[[ Task material open ]]
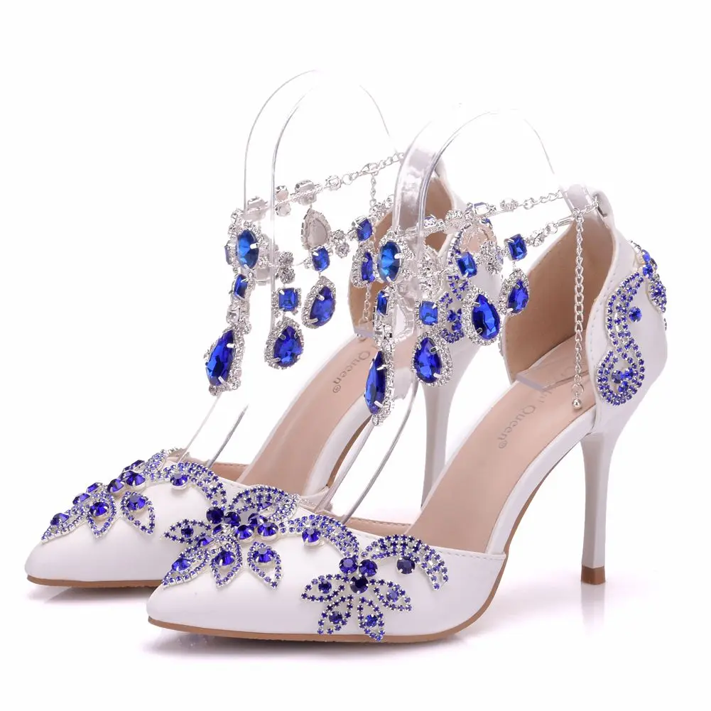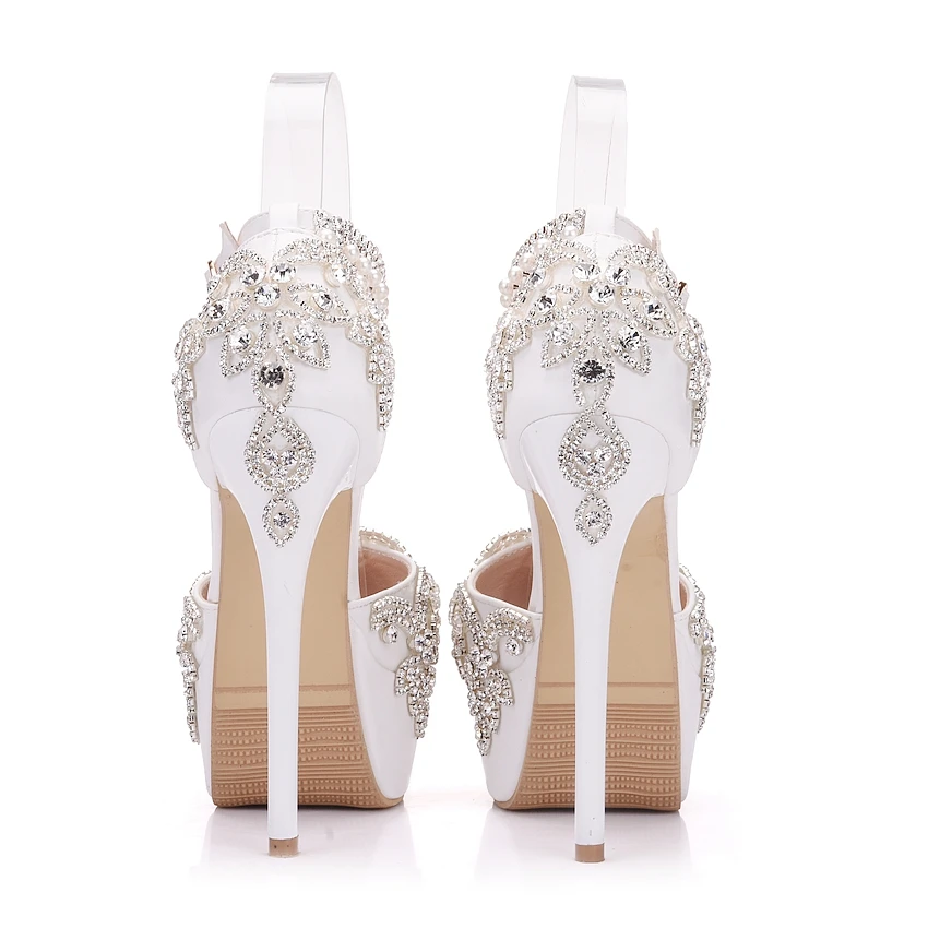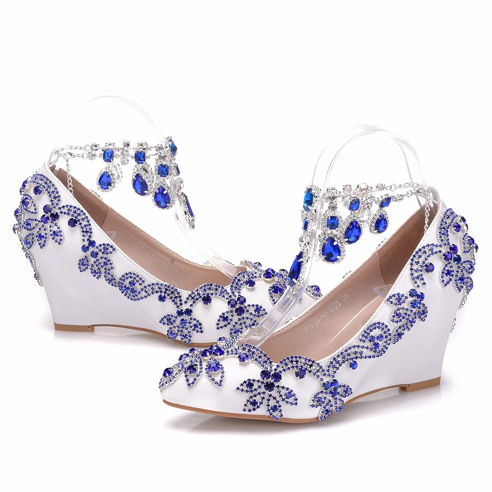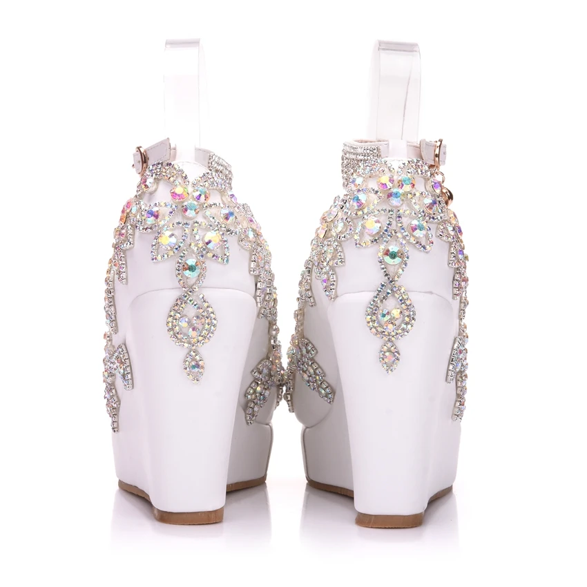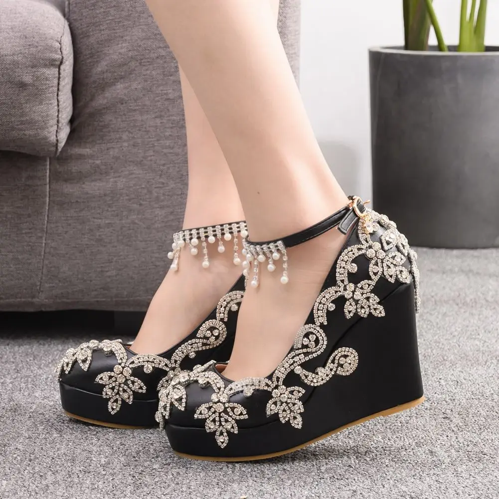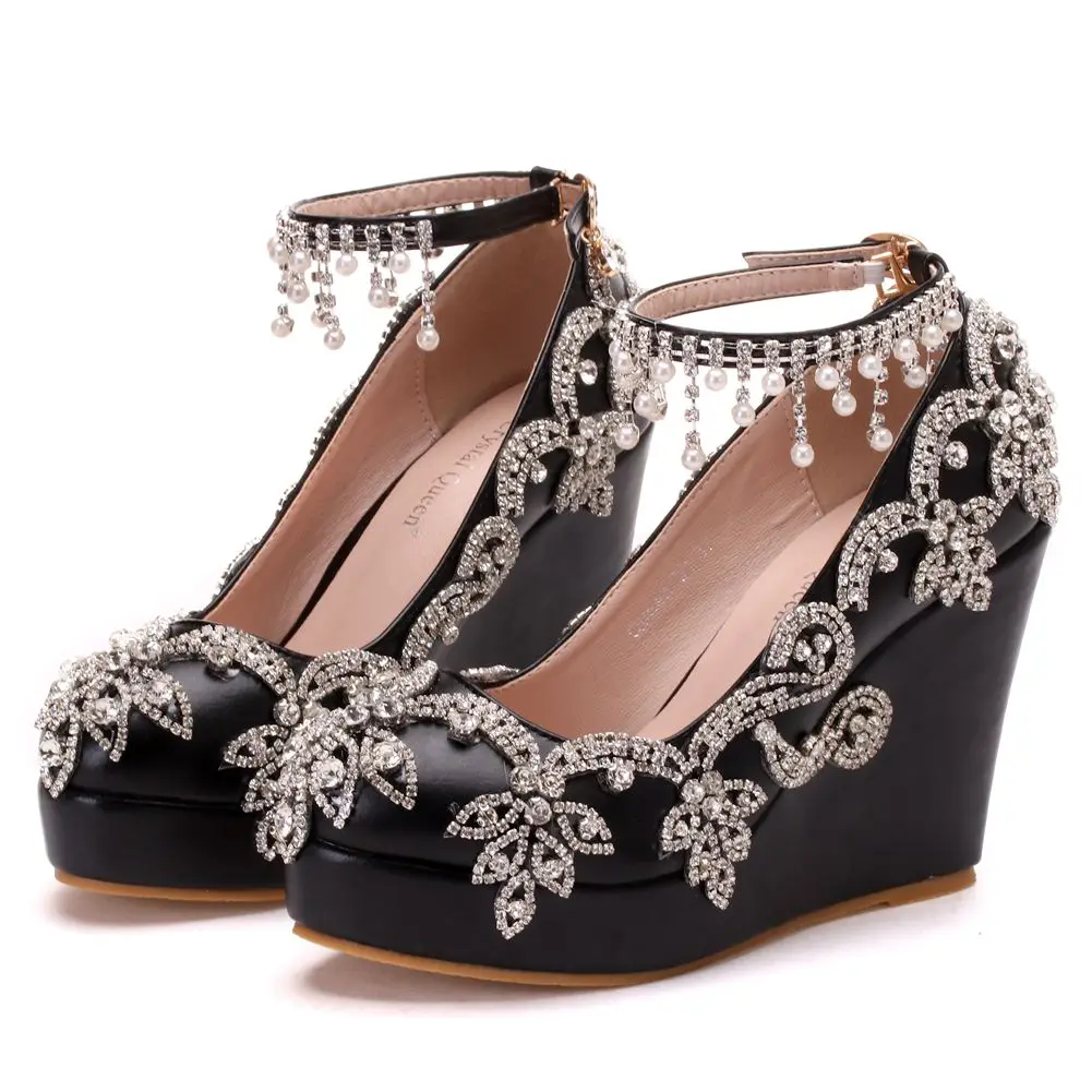 Женские белые туфли со стразами; Браслет с кисточкой Свадебные туфли; Туфли для невесты; Босоножки на высоком каблуке; Женские модельные туфли-лодочки на танкетке
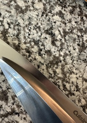 I bought this as a gift for someone who has never had a chef's knife. I wanted something basic just to introduce this person to the joys of using a chef's knife. When I got this out of the package, I was surprised how light it felt compared it to my own 8" knife. The lightness is a bit displeasing but that's probably a matter of taste. I decided to test the knife and was surprised how dull it seemed. I expected any new knife to seem a lot sharper than my well-used, intermittently-sharpened, 15+ year-old knife that I love. But I actually had trouble chopping an onion with the Cuisinart knife. It might partly be the lack of weight to the knife which, again, I'm not used to. I'm thinking I should have bought the same thing I have myself (Mine is a Henckels but I'm not sure I can say that here). I jsut hadn't realized there could be so much difference between them around the same price point!
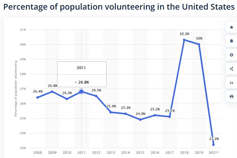 Своя труд даряват като доброволци повече от 20% от американците – вж. следващата графика (за съжаление не намерихме данни за след Ковид-19).
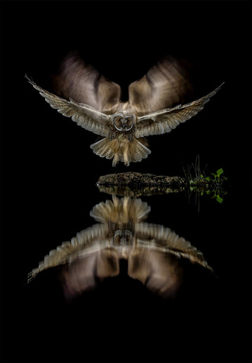 - Good use of the 'rear curtain' photography technique to show both movement and detail in a single frame. The reflection and black background add to the graphic effect.
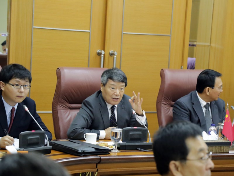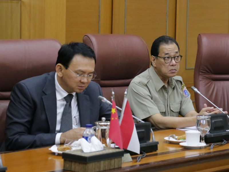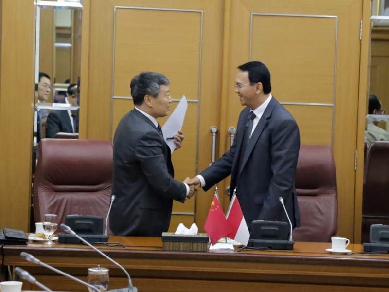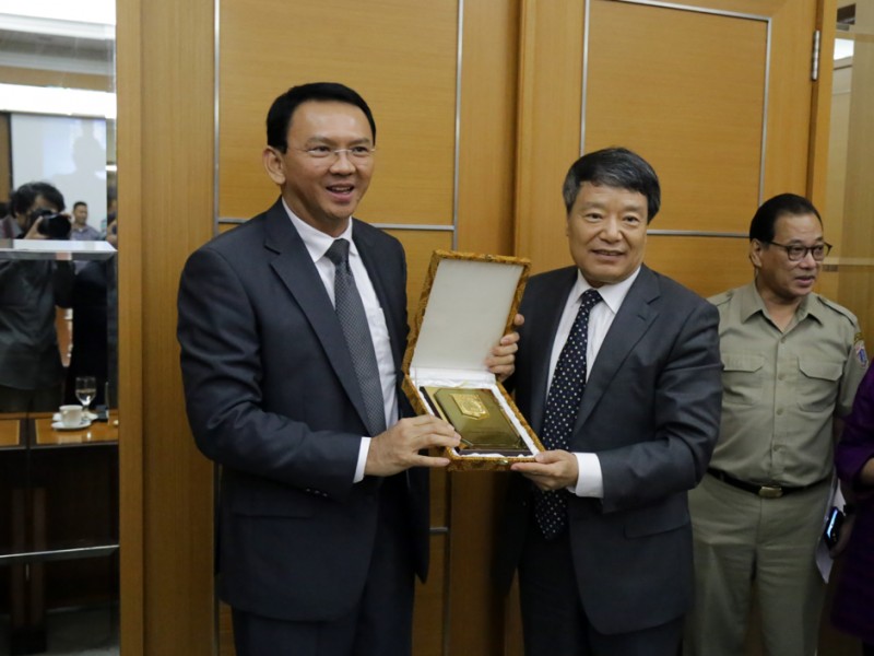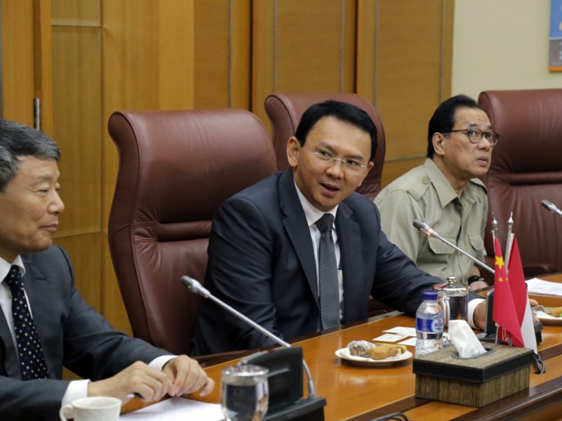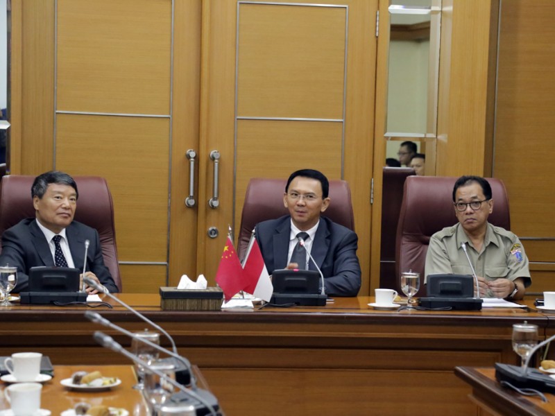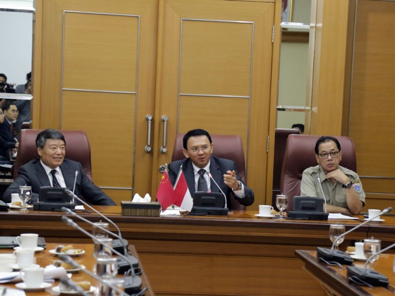 Gubernur DKI Jakarta, Basuki Tjahaja Purnama menerima kunjungan Menteri Komisi Pembangunan Nasional dan Reformasi Republik Rakyat Tiongkok, Xu Shaoshi di Balaikota DKI Jakarta, Selasa (11/08/2015). Dalam pertemuan tersebut dilakukan pembahasan terkait studi kelayakan proyek kereta cepat Jakarta–Bandung. (Foto : Reza/Beritajakarta.com)
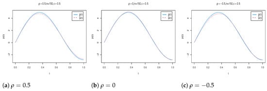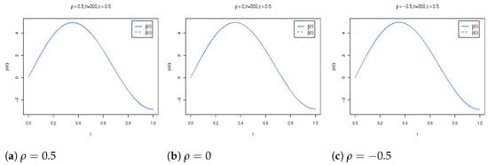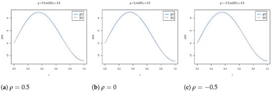 where and are the grid points at which the function is evaluated. The simulation results are reported in Table 4. Moreover, to visually see the accuracy of estimate of function , we plot the true value of function against its estimate under different cases. Due to space limitations, we only list some nonparametric estimation curve results with different spatial parameters in Figure 1, Figure 2, Figure 3, Figure 4, Figure 5, Figure 6, Figure 7, Figure 8 and Figure 9.
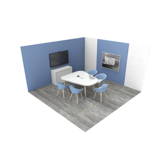 Este sistema está diseñado principalmente para salas pequeñas, donde su lente gran angular de 120° y video en 4K pueden captar claramente a todos los participantes.
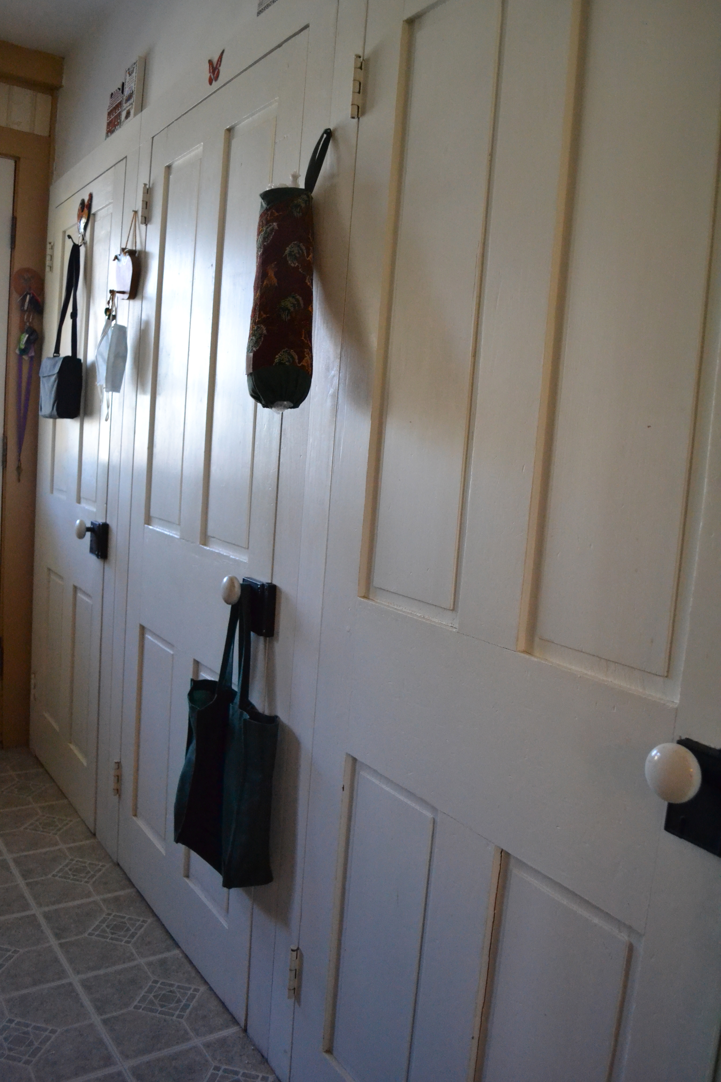 The triple (yes that’s three doors!) closets in the mud room. Just imagine 3 separate closets and what you’d do with them…
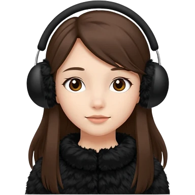 Black fluffy earmuffs with long straight brown hair for girls emoji
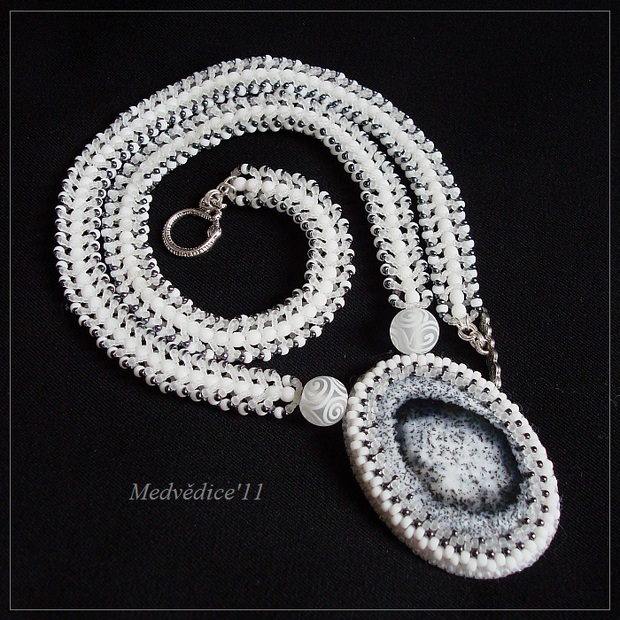 Náhrdelník vytvořený technikou korálkové výšivky a šitého šperku na téma Kouzla paní zimy z klubu Tisíc stehů.
[[ Task material closed ]]
> Prompt
Each line above should be returned exactly as written, apart from any pictures.

> Result of this exercise
 Женские белые туфли со стразами; Браслет с кисточкой Свадебные туфли; Туфли для невесты; Босоножки на высоком каблуке; Женские модельные туфли-лодочки на танкетке
 I bought this as a gift for someone who has never had a chef's knife. I wanted something basic just to introduce this person to the joys of using a chef's knife. When I got this out of the package, I was surprised how light it felt compared it to my own 8" knife. The lightness is a bit displeasing but that's probably a matter of taste. I decided to test the knife and was surprised how dull it seemed. I expected any new knife to seem a lot sharper than my well-used, intermittently-sharpened, 15+ year-old knife that I love. But I actually had trouble chopping an onion with the Cuisinart knife. It might partly be the lack of weight to the knife which, again, I'm not used to. I'm thinking I should have bought the same thing I have myself (Mine is a Henckels but I'm not sure I can say that here). I jsut hadn't realized there could be so much difference between them around the same price point!
 Своя труд даряват като доброволци повече от 20% от американците – вж. следващата графика (за съжаление не намерихме данни за след Ковид-19).
 - Good use of the 'rear curtain' photography technique to show both movement and detail in a single frame. The reflection and black background add to the graphic effect.
 Gubernur DKI Jakarta, Basuki Tjahaja Purnama menerima kunjungan Menteri Komisi Pembangunan Nasional dan Reformasi Republik Rakyat Tiongkok, Xu Shaoshi di Balaikota DKI Jakarta, Selasa (11/08/2015). Dalam pertemuan tersebut dilakukan pembahasan terkait studi kelayakan proyek kereta cepat Jakarta–Bandung. (Foto : Reza/Beritajakarta.com)
 where and are the grid points at which the function is evaluated. The simulation results are reported in Table 4. Moreover, to visually see the accuracy of estimate of function , we plot the true value of function against its estimate under different cases. Due to space limitations, we only list some nonparametric estimation curve results with different spatial parameters in Figure 1, Figure 2, Figure 3, Figure 4, Figure 5, Figure 6, Figure 7, Figure 8 and Figure 9.
 Este sistema está diseñado principalmente para salas pequeñas, donde su lente gran angular de 120° y video en 4K pueden captar claramente a todos los participantes.
 The triple (yes that’s three doors!) closets in the mud room. Just imagine 3 separate closets and what you’d do with them…
 Black fluffy earmuffs with long straight brown hair for girls emoji
 Náhrdelník vytvořený technikou korálkové výšivky a šitého šperku na téma Kouzla paní zimy z klubu Tisíc stehů.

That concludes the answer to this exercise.